Lego games are fun. Do you like Lego games? Great, you will like this game. That is all, play Lego Star Wars: The Skywalker Saga.
Oh I need to fill in more words?
OK well, Lego Star Wars: The Skywalker Saga gives us the main nine movies in one sweet Lego game. To say this game is big would be an understatement, but that comes mostly from the freedom you gain outside of the story.
To follow the story you pick whichever trilogy you want, then jump into the first episode. Each episode takes a few hours, depending on how much you piss around. Completing an episode lets you unlock the next episode in the trilogy, rinse and repeat.
I liked the story mode except for some of the unnecessary walking.
This is because you spend a lot of time walking or running across a hub to start the next mission. Now where this deserves credit is you have some freedom to complete mini missions and puzzles to unlock Kyber blocks. If you want to do that then this is a nice break from the story, but if you would rather return to this after the story, then it’s a lot of unnecessary faff.
Now for the story itself, I mean it’s a Lego game. It obviously follows the main beats from the nine movies but sillys it up a lot. The game is built, and built well, for a family audience. This means it throws silly jokes at you a lot, but plenty land even for an old man like myself, like watching the edge of a ship coming into view, to zoom out and see it is cake being shoved in Poe’s mouth, for example. Classic and silly humor. Listening to force ghosts giving advice and Anakin’s voice comes over saying “I don’t like sand”. Silly? Yes. But good? Also yes.
The gameplay itself is pretty stock standard. When you get to fly that is pretty damn fun, but the majority of your time will be the platforming.

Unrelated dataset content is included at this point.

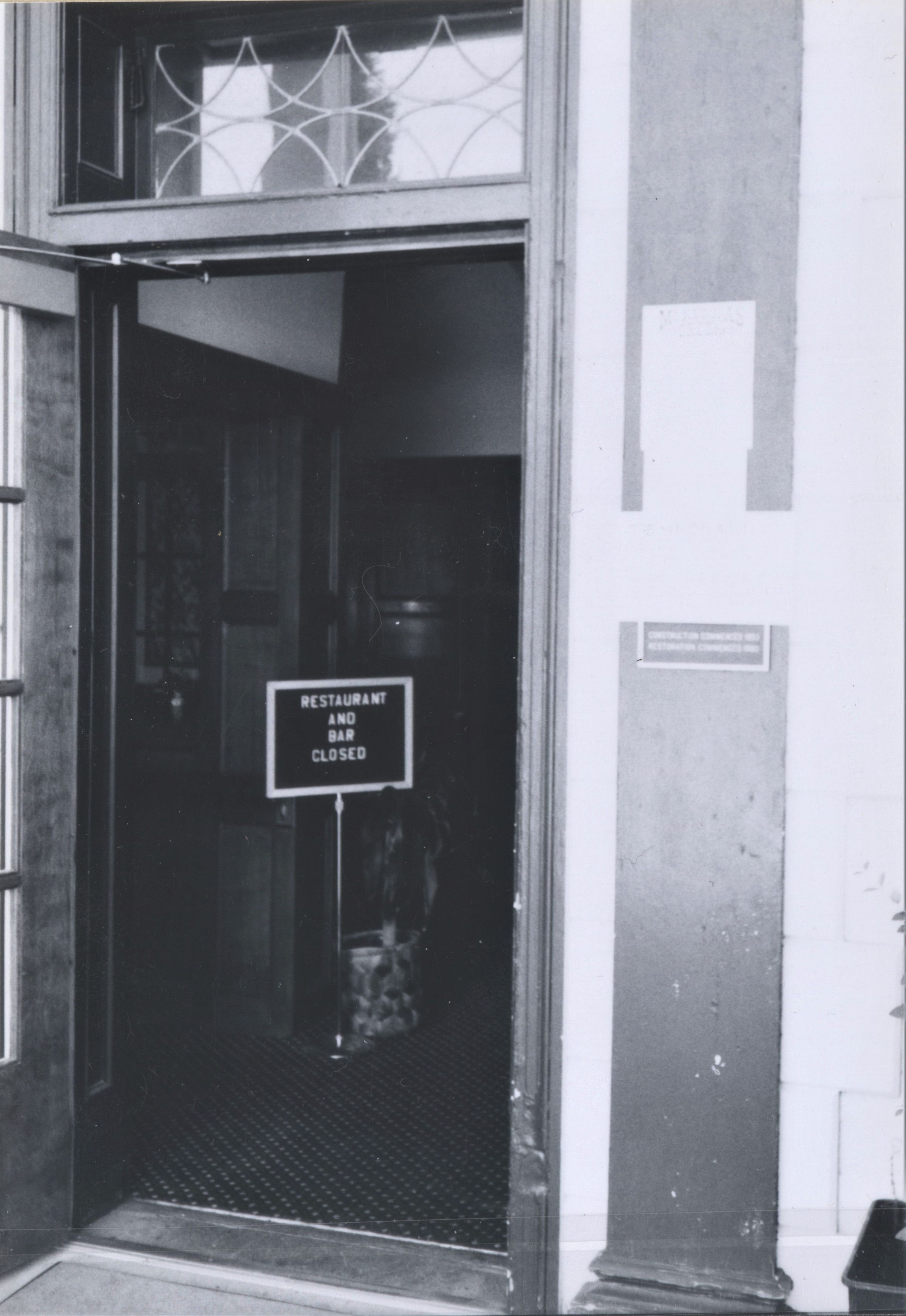 Boulder Dam Hotel storm damage to roof, July 1983; negative image #1a; Dennis McBride photosCollection

You will mostly platform your way through levels, hack and slash your way through enemy minifigs, and smash Lego to reconstruct it in different ways to get across challenges on the map. You know, it’s a Lego game. When in a story mission you only have the designated story characters, but when in those hubs/free roam moments you can switch around characters to collect those hidden kyber bricks that need a certain class of mini-fig. It is incredibly easy to lose a lot of time doing this.
Speaking of which, kyber bricks. These are the main collectibles dotted around levels and open worlds. They may be tucked away somewhere waiting to be found, they may need a certain character’s ability to reach, or they may involve more complex puzzles/mini games. The good news is if after the game you want some decent post-game content, well there are 1166 of these suckers. You use them for class upgrades as well so you don’t collect them for complexion alone, which is cool.

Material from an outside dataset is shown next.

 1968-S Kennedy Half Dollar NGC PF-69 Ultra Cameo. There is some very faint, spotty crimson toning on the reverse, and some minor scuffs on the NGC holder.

For context, when I beat the story, I had roughly 150 kyber bricks, so I have heaps more to go back and get should I be so inclined. Added to this of course are hidden characters to unlock, and heaps of mini kits. So if you so desire, you can sink hundreds of hours into this one, and you might because once the story ends and you get free reign to explore the galaxy, there is so much fun to be had.
The game wasn’t bug free which was annoying.
I had cut scenes where it went to black so I would have to close the game and reopen it. Sometimes I was surprised how much progress I lost. I had the game crash twice while playing the story. Also not ideal. These weren’t that regular, but still annoying.
Lego Star Wars: The Skywalker Saga is a pretty easy sell. Do you like Lego games? Do you like Star Wars? Well then you should enjoy the hell out of this game. Minor quirks aside, it is a banger, and given how long it has been since I played a Lego game, well worth it.